**Problem details**
Your copy should hold the lines below from the first through the one that contains "A custom waistcoat, or", each retyped exactly, and no pictures.

**Recorded information**
=== Section Start ===
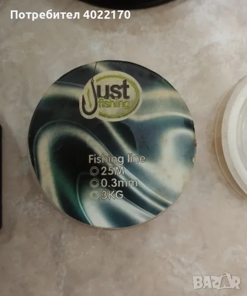 Трети ред ред - Carp Kinetics Silt Green 0.25/3.6 кг/100 м (може да е ползвано от него), цената му в Англия е 5 паунда ролката, до него е Wolfgang 0.30/9 кг/100 м, от зад на пластмасата пише D.A.M Octa (ново), другите 2 малки са Just Fishing 0.30/3 кг/25 м (едното е ново, другото може да ползвано от него.
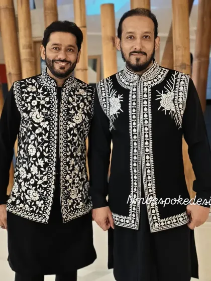 A custom waistcoat, or Bundi jacket, is the perfect layering piece to elevate a simple kurta set. I design them in a range of fabrics like velvet and silk, with options for intricate zari, floral, mirror, or threadwork embroidery to match your style.
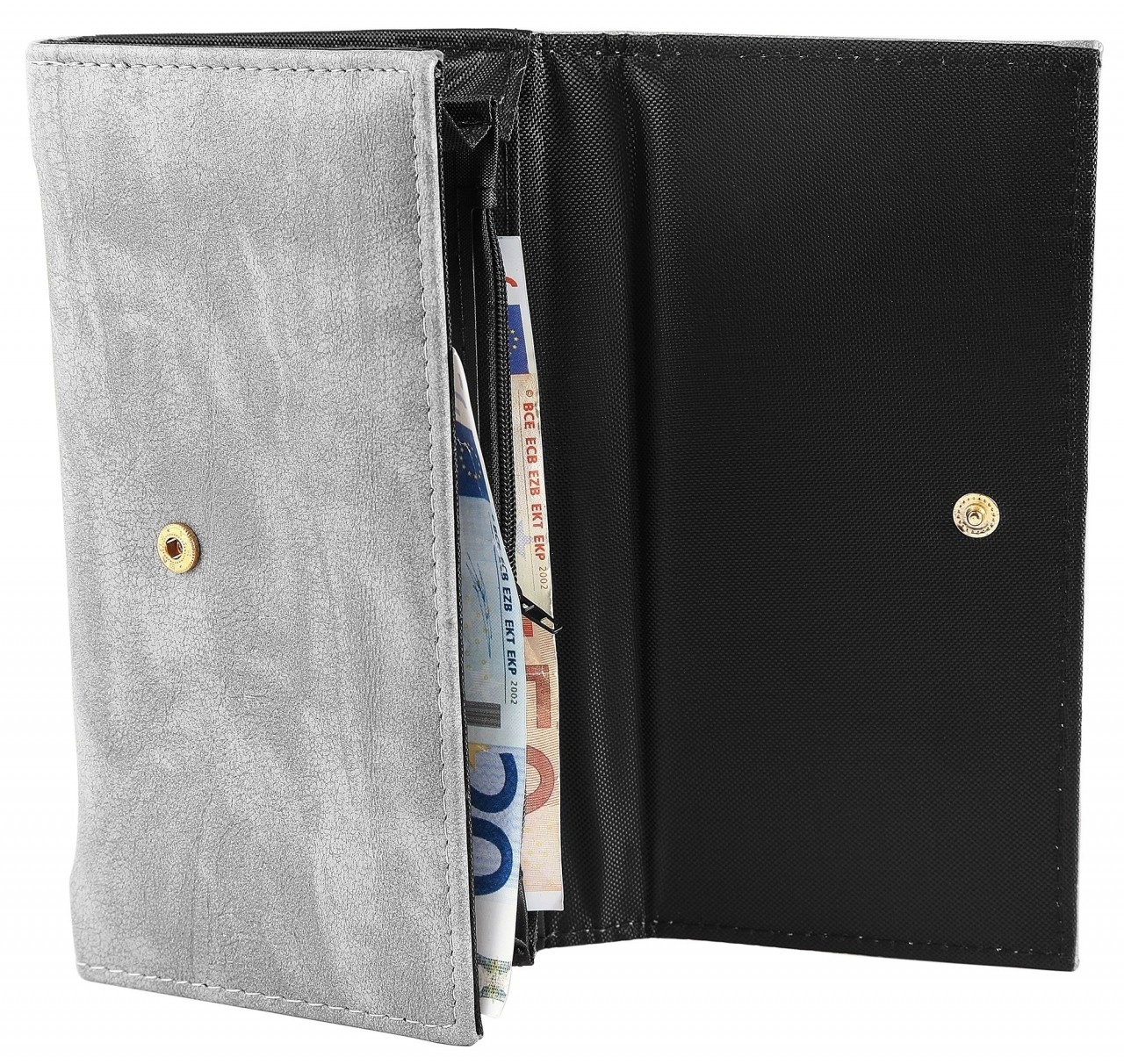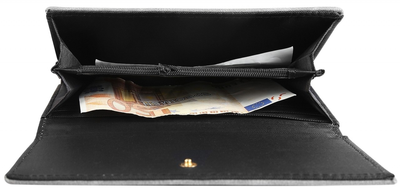 Carteira de senhora em imitação de pele. A carteira de paisagem tem 19 cm de largura e 10 cm de altura. A cor é . A carteira de couro genuíno é fechada com um fecho de pressão. Tem 3 compartimentos para notas, um pequeno compartimento para trocos e 6 ranhuras para cartões de crédito.
=== Section End ===
**Response box**
 Трети ред ред - Carp Kinetics Silt Green 0.25/3.6 кг/100 м (може да е ползвано от него), цената му в Англия е 5 паунда ролката, до него е Wolfgang 0.30/9 кг/100 м, от зад на пластмасата пише D.A.M Octa (ново), другите 2 малки са Just Fishing 0.30/3 кг/25 м (едното е ново, другото може да ползвано от него.
 A custom waistcoat, or Bundi jacket, is the perfect layering piece to elevate a simple kurta set. I design them in a range of fabrics like velvet and silk, with options for intricate zari, floral, mirror, or threadwork embroidery to match your style.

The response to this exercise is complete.